(WHAT IS EXPECTED):
From the data below, return only the lines from the one with "Među demonstrantima je" through the one with "Comparte tu música", exact and inclusive, with pictures left out.

(TASK MATERIAL):
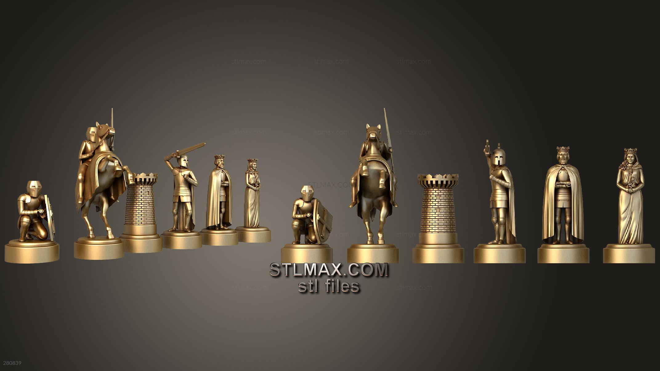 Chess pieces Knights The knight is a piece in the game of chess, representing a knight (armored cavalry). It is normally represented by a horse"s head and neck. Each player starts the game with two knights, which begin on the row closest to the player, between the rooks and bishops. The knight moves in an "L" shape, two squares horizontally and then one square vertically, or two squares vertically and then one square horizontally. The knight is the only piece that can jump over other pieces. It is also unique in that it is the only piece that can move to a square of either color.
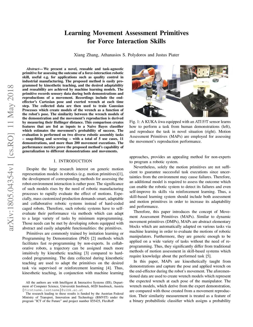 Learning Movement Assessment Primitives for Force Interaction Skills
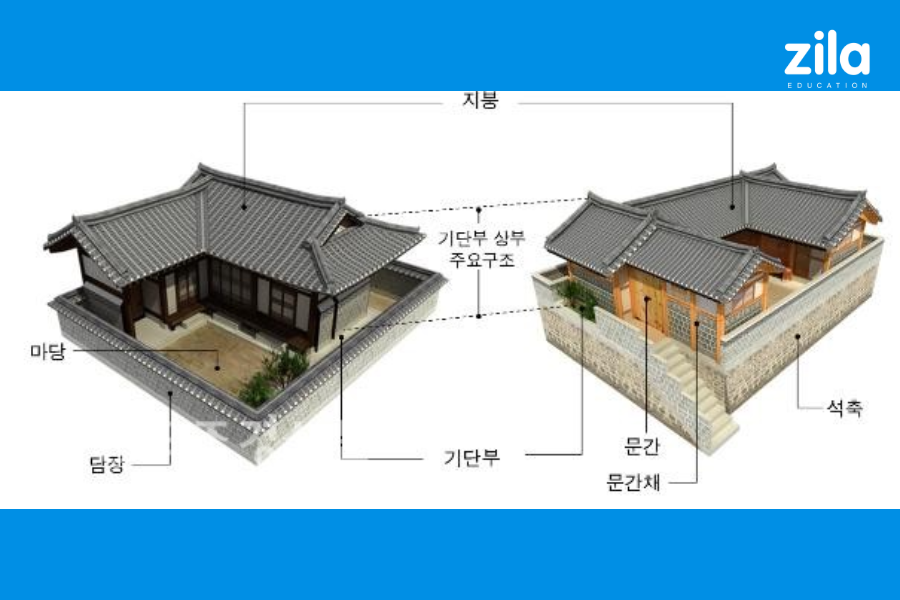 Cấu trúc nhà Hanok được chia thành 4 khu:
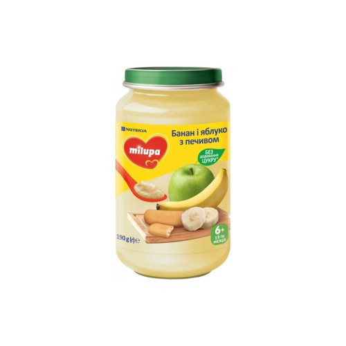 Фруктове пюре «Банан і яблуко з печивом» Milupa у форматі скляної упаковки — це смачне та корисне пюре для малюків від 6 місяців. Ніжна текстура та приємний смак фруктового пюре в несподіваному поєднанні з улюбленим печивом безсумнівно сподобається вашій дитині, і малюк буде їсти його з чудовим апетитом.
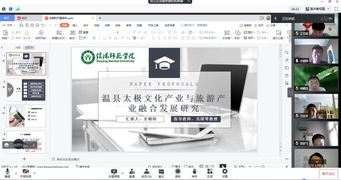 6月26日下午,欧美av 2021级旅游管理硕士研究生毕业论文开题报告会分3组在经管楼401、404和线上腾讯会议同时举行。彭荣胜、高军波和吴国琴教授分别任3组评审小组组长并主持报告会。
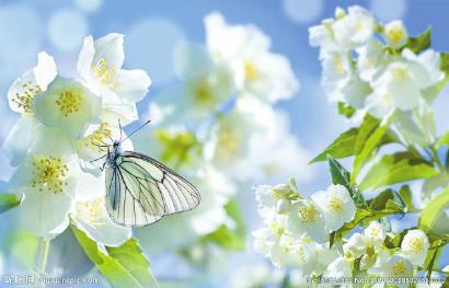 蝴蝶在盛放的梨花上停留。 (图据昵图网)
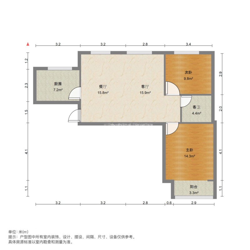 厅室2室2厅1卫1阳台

---

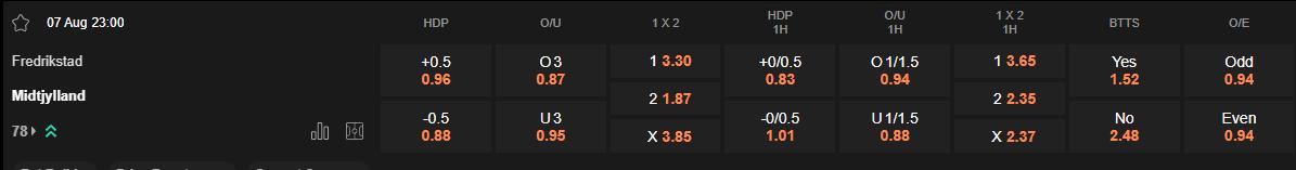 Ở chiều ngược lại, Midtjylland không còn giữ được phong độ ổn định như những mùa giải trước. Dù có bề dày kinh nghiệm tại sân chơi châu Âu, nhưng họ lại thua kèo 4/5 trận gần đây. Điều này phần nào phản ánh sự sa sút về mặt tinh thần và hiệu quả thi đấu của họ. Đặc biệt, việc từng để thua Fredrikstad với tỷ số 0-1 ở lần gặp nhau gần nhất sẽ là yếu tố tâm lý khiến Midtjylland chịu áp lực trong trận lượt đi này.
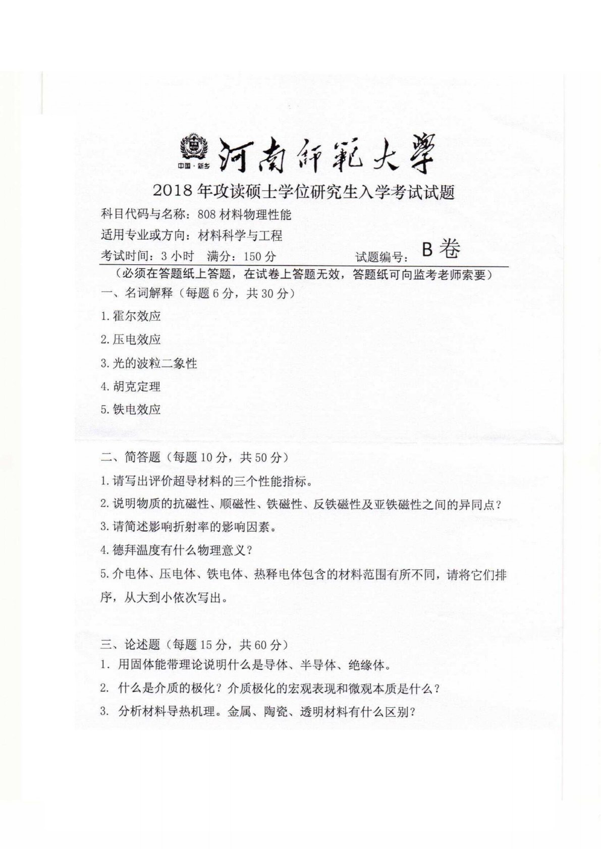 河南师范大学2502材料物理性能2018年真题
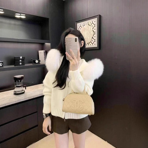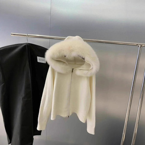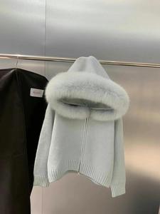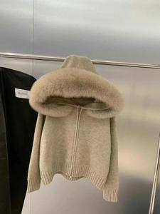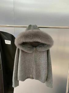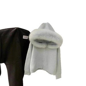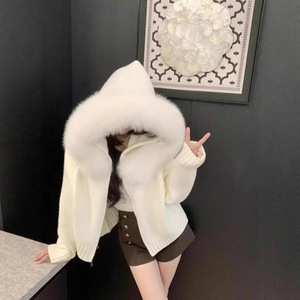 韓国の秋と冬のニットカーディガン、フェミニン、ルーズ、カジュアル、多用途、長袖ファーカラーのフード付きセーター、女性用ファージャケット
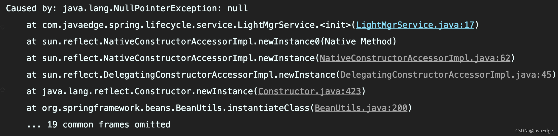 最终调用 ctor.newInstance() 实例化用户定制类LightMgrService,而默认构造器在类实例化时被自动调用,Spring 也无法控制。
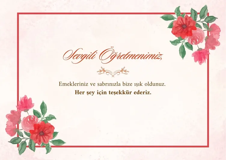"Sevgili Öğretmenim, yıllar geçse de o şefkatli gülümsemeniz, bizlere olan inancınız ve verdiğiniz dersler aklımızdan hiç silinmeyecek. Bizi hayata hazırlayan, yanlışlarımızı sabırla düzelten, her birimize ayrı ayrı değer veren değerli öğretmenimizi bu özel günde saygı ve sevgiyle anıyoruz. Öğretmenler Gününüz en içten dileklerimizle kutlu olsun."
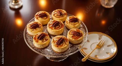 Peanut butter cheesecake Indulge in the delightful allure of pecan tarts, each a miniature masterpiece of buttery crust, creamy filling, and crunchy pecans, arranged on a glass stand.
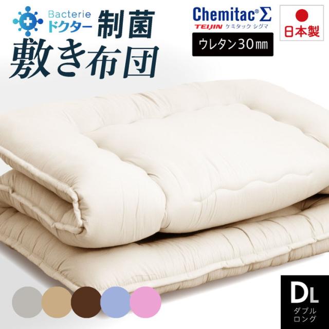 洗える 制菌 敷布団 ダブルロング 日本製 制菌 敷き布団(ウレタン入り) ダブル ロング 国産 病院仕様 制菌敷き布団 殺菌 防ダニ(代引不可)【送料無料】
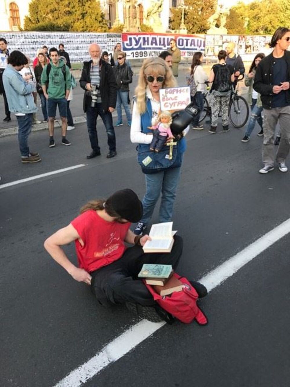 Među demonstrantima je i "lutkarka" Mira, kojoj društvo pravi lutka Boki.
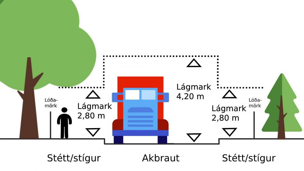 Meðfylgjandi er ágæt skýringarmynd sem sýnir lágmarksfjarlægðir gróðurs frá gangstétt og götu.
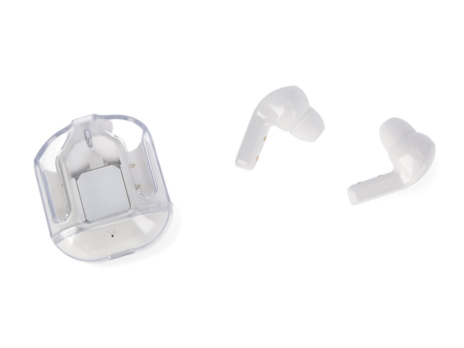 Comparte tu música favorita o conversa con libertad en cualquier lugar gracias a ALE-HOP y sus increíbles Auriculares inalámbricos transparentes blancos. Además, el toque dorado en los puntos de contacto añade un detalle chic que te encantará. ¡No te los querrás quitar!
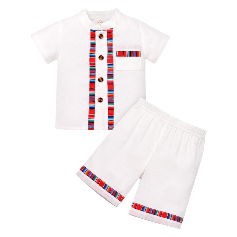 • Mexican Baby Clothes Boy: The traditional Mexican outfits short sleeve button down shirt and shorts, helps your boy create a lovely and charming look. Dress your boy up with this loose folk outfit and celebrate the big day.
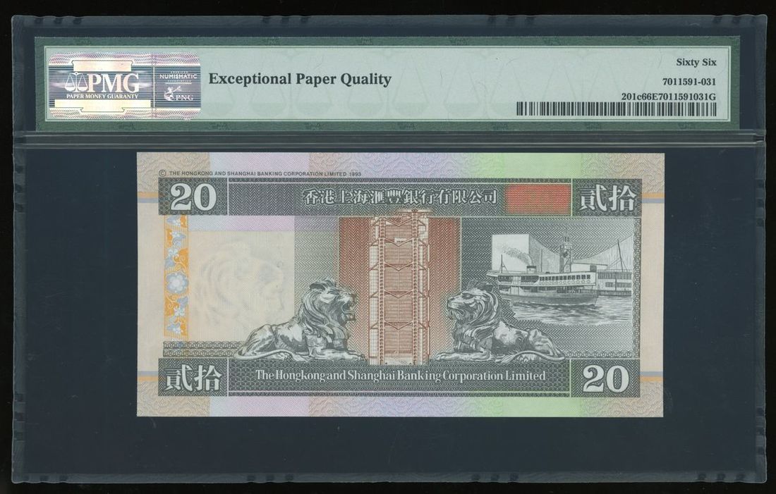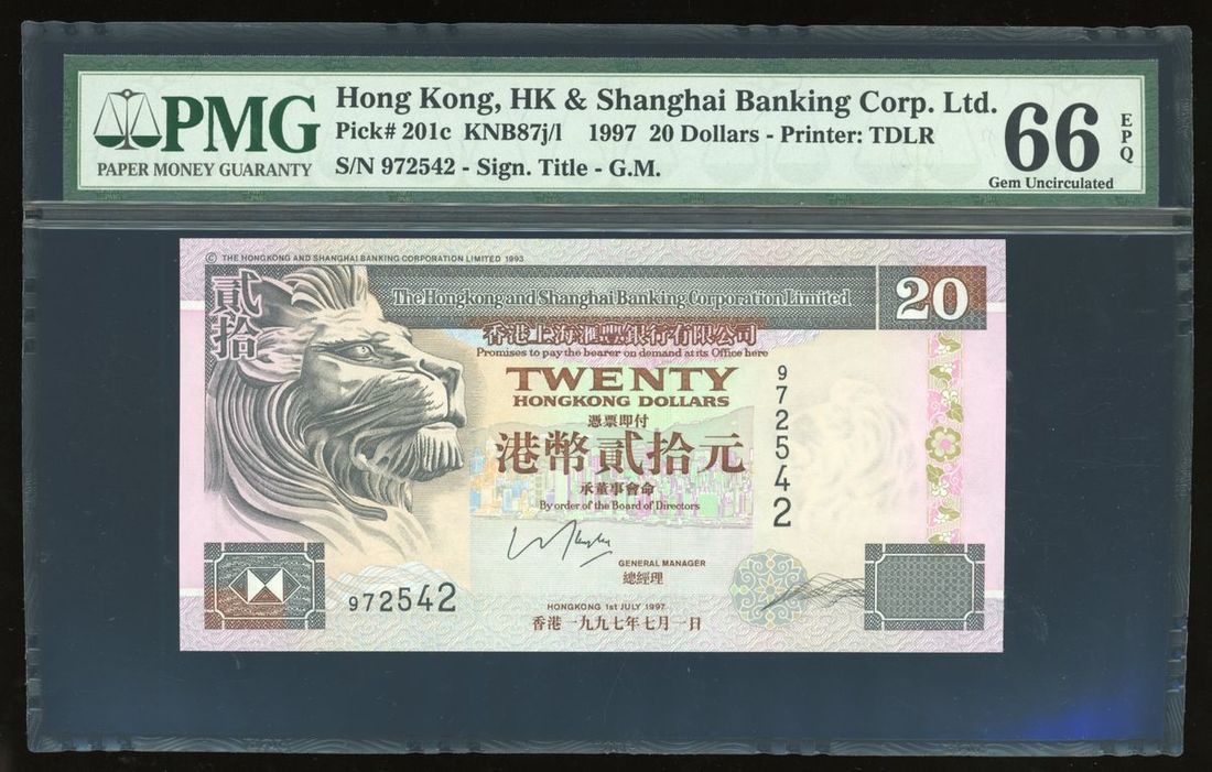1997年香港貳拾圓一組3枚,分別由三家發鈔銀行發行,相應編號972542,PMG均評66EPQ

--

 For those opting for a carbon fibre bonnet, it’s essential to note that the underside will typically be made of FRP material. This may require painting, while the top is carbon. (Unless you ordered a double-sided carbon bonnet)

(ANSWER BOX):
 Među demonstrantima je i "lutkarka" Mira, kojoj društvo pravi lutka Boki.
 Meðfylgjandi er ágæt skýringarmynd sem sýnir lágmarksfjarlægðir gróðurs frá gangstétt og götu.
 Comparte tu música favorita o conversa con libertad en cualquier lugar gracias a ALE-HOP y sus increíbles Auriculares inalámbricos transparentes blancos. Además, el toque dorado en los puntos de contacto añade un detalle chic que te encantará. ¡No te los querrás quitar!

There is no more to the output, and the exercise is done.